Looking at the other comments, you'll see this is in fact the database of questions & answers we used as our source material for the benchmarks. You'll also find the explanation of what I meant by this particular sentence and a preview of how we tested for it.

▲

andrepd 3 days ago | parent [-]

Your statement was

> We were unable to find evidence that the Only Connect games are *in the training materials*.

which is obviously completely false. You acknowledge as much in another comment when you say

> To clarify what I meant by this: Despite looking, we haven't seen any evidence of any of the models consistently responding based on pre-trained knowledge (outside of easier-to-guess trivia-type questions).

which has nothing to do with what you said x)) Basically: "to clarify, when I said X, I actually meant something else entirely".

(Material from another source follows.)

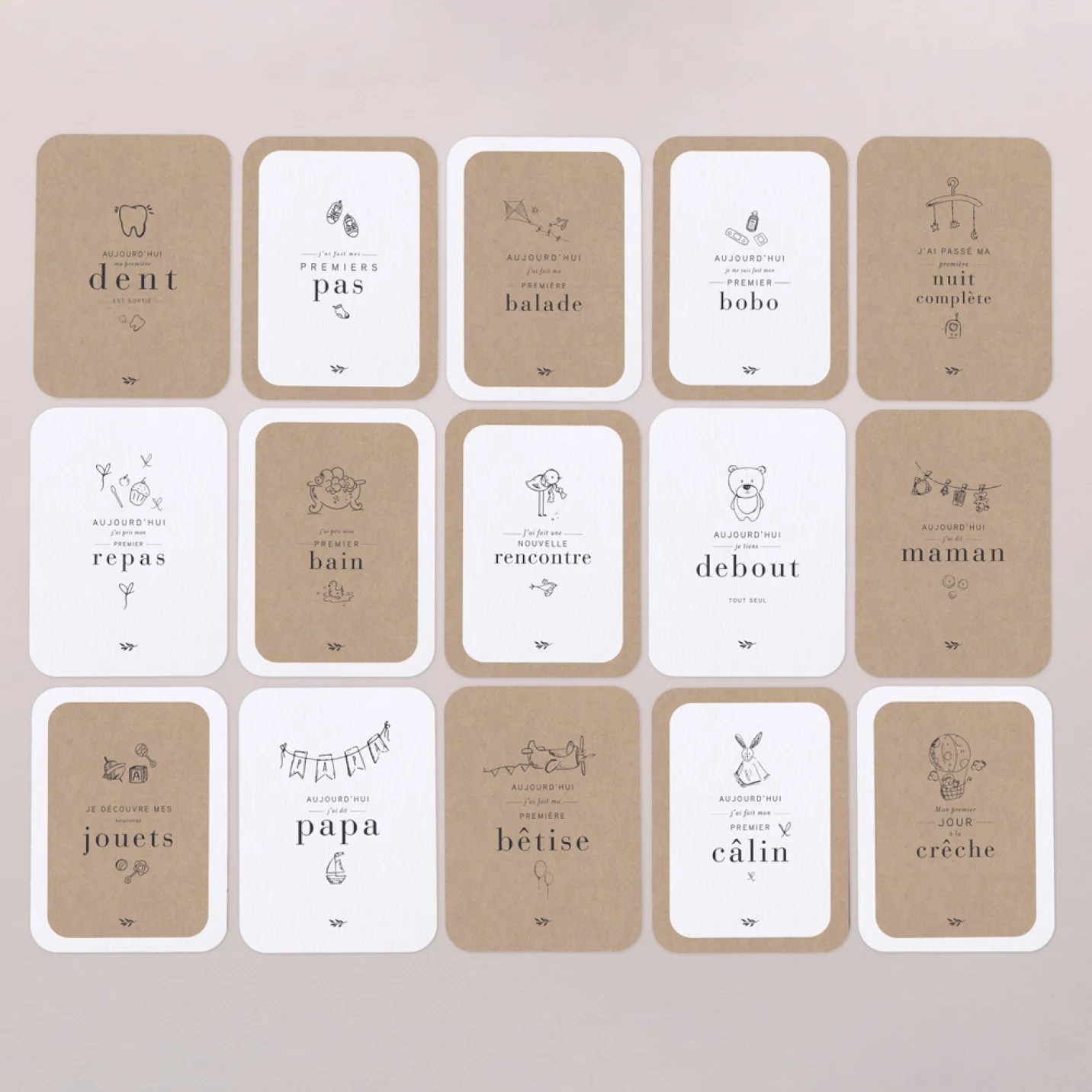Pour célébrer toutes les grandes premières de bébé : sa première dent, son premier bain, sa première grosse colère… Et partager ses moments privilégiés sur les réseaux sociaux avec vos proches et amis. Elles sont vendues dans une jolie pochette pour être offertes comme cadeau de naissance…

But fine, at least now it's not bullshit, it's just vague enough that it wouldn't pass in a 9th grade science project where I went to school.

Just my 2 cents.

-----

If you'd like to explain more how you supposedly concluded that it wasn't returning data in its training set, I'm all ears.

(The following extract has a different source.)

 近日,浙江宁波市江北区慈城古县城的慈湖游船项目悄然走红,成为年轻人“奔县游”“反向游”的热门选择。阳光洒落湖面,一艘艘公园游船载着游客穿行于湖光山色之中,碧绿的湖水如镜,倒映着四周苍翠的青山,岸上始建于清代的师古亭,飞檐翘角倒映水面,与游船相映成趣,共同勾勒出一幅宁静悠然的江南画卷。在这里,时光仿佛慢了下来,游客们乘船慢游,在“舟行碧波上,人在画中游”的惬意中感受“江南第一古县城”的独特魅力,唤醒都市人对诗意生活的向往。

	▲	scrollaway 3 days ago \| parent [-]
		Sorry; I dropped out of school, so I wouldn't know about 9th grade science projects. Would you like to phrase your constructive feedback as an attack instead? (/shrug) Edit after your update: As mentioned in the other comment, the tests were mostly ad-hoc. It's nearly impossible to prove whether something is absent from the training data, but it's possible to put the LLM in a bunch of situations which would be conducive to completing with pre-existing knowledge.